◆ **Directions for this task**
Print the listing below only from the line that has "Splendido cucciolo tipo" through the line that has "户型齐全,主打南北通透,全明格局三居", exactly, and drop any picture.

◆ **Input**

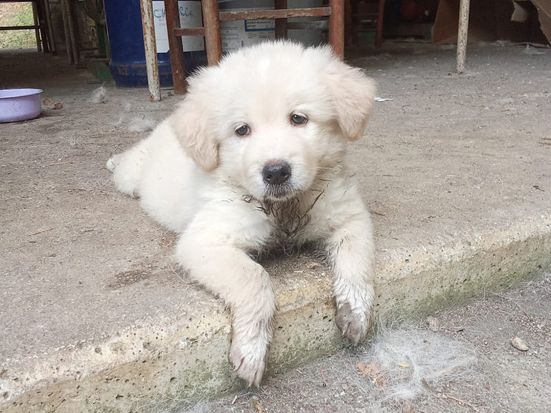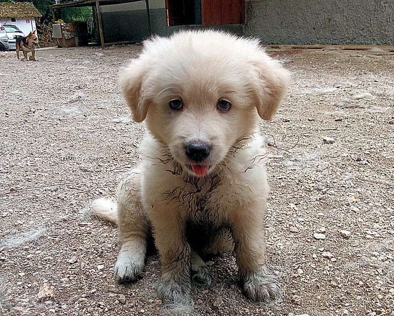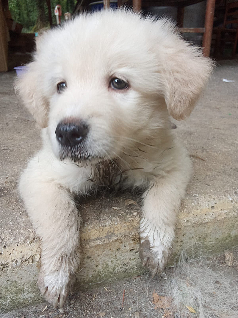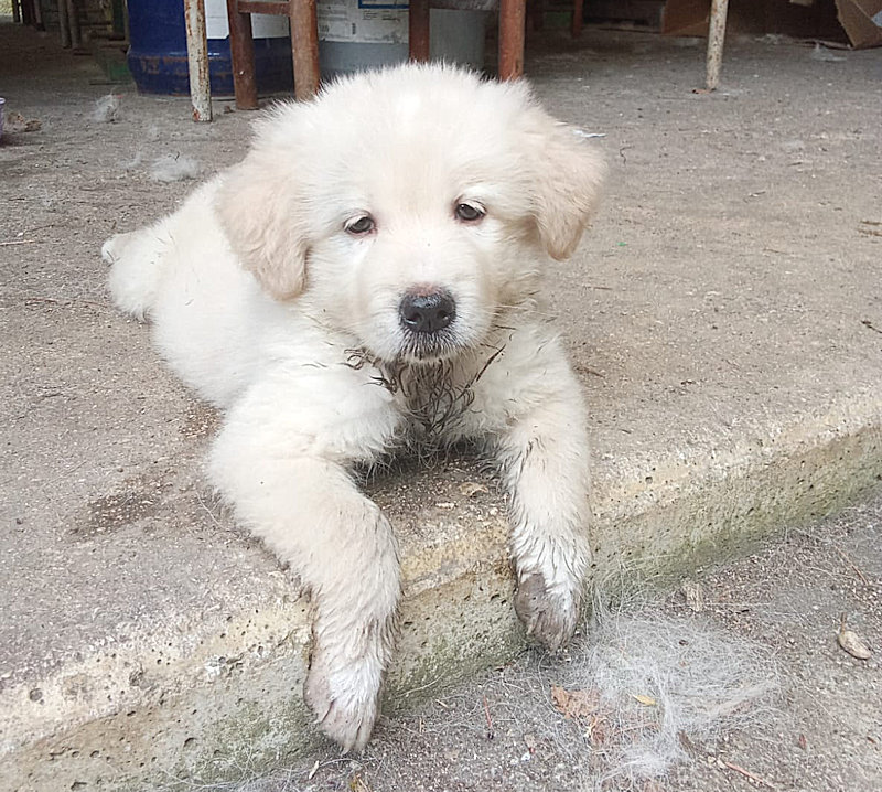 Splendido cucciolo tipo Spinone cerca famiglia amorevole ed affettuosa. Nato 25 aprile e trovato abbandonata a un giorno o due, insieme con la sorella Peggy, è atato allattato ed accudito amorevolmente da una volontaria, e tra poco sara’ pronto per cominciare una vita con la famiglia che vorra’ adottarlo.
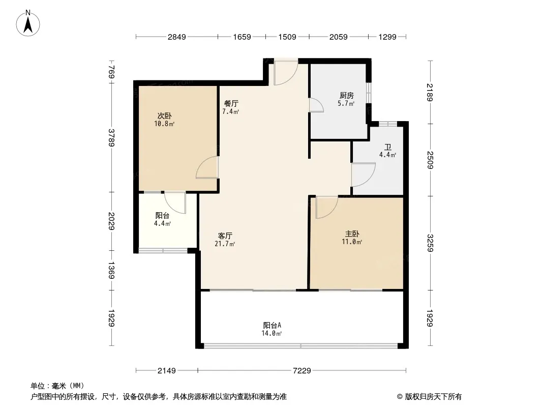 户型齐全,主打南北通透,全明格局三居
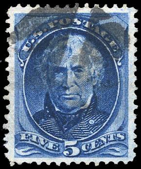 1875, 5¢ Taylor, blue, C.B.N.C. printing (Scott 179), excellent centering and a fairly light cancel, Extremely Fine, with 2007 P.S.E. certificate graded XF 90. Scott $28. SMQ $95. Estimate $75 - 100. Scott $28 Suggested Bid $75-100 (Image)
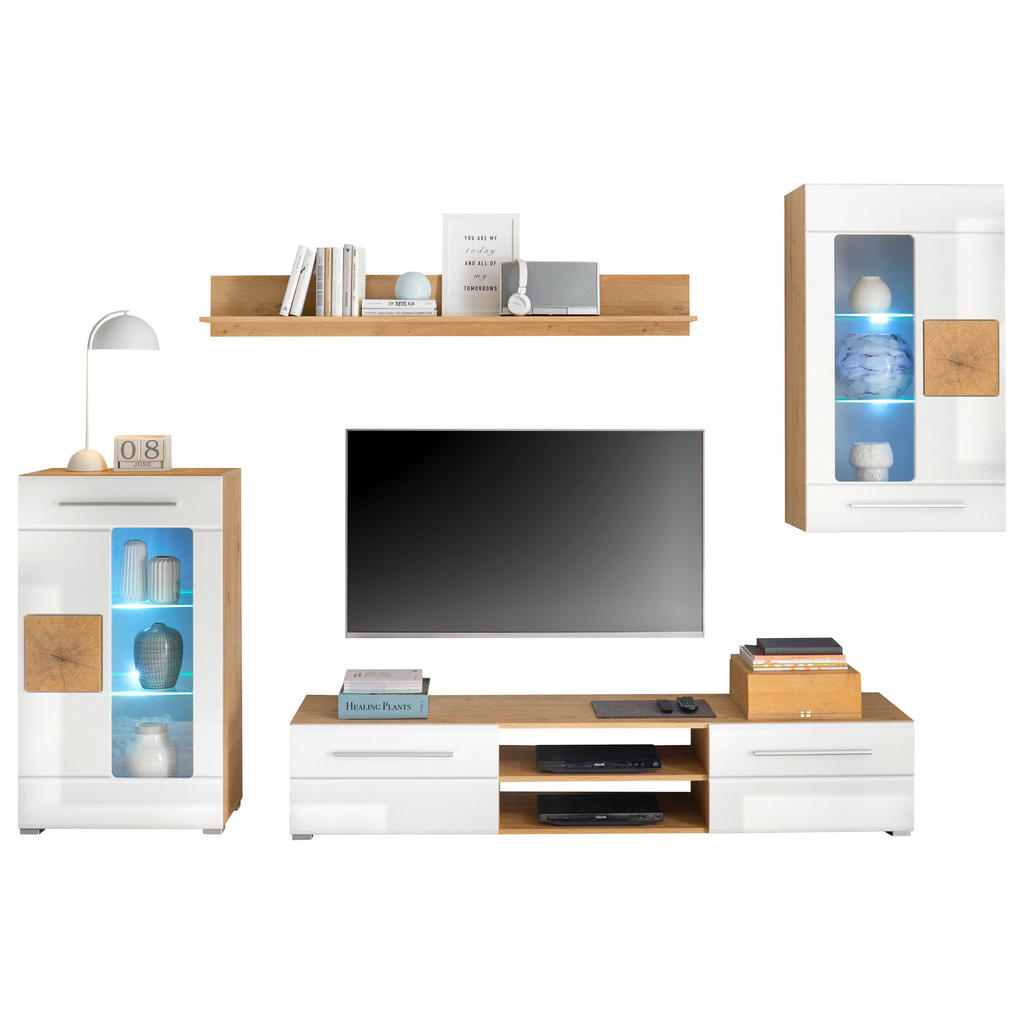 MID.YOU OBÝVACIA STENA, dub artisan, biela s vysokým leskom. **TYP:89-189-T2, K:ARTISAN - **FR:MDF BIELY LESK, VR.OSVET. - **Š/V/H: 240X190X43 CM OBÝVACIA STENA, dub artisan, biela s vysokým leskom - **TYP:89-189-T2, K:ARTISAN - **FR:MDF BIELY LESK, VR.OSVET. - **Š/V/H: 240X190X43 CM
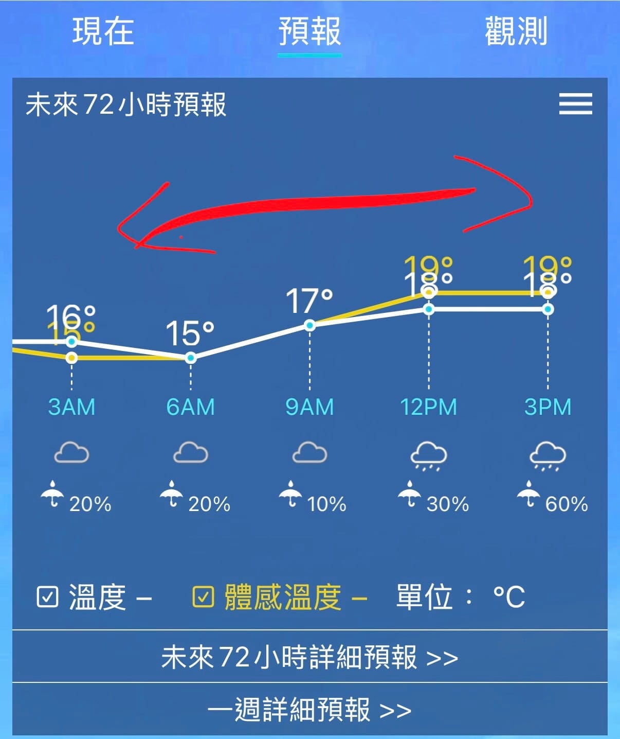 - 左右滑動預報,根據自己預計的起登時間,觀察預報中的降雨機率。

---

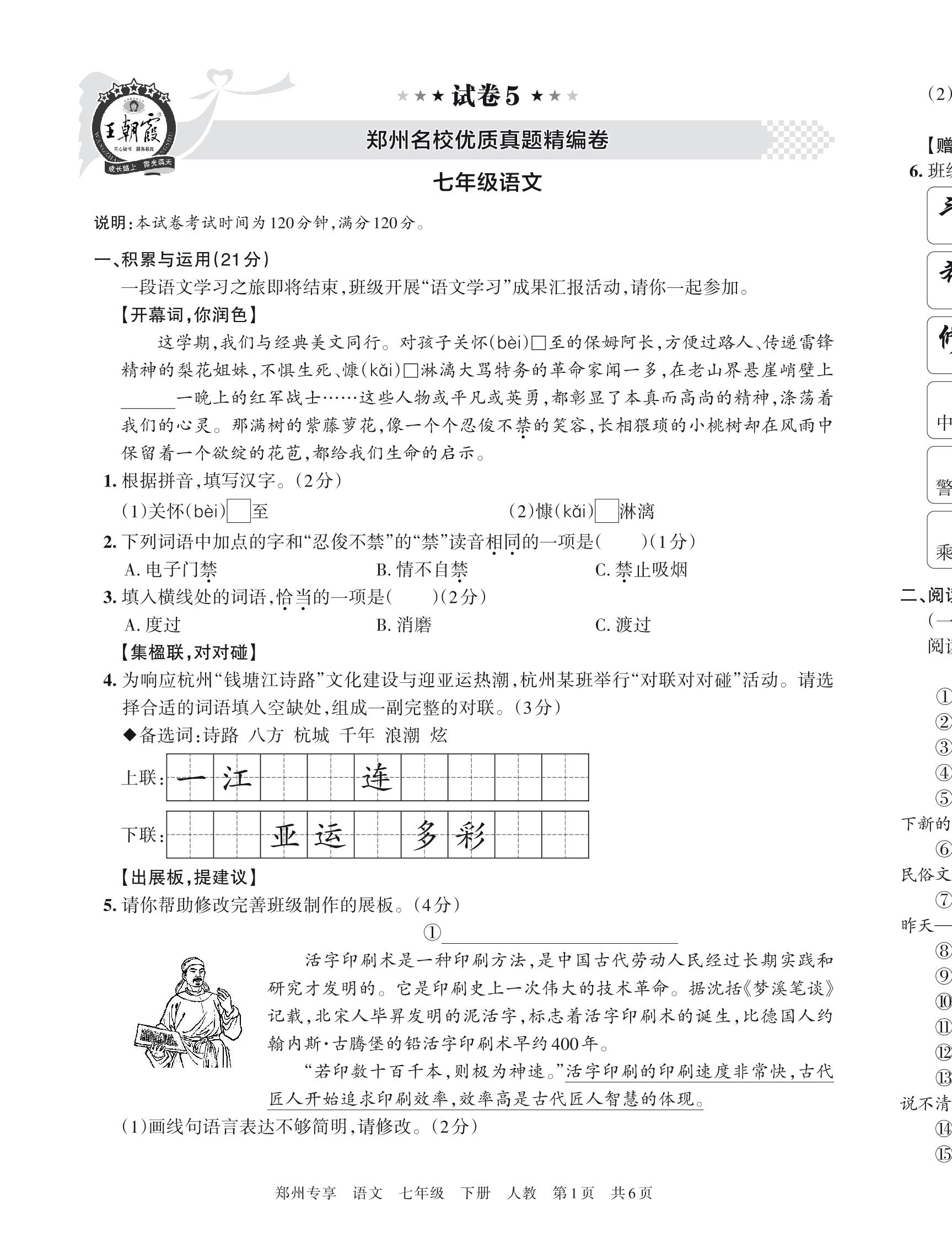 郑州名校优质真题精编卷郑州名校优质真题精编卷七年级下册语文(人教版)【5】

◆ **Output**
 Splendido cucciolo tipo Spinone cerca famiglia amorevole ed affettuosa. Nato 25 aprile e trovato abbandonata a un giorno o due, insieme con la sorella Peggy, è atato allattato ed accudito amorevolmente da una volontaria, e tra poco sara’ pronto per cominciare una vita con la famiglia che vorra’ adottarlo.
 户型齐全,主打南北通透,全明格局三居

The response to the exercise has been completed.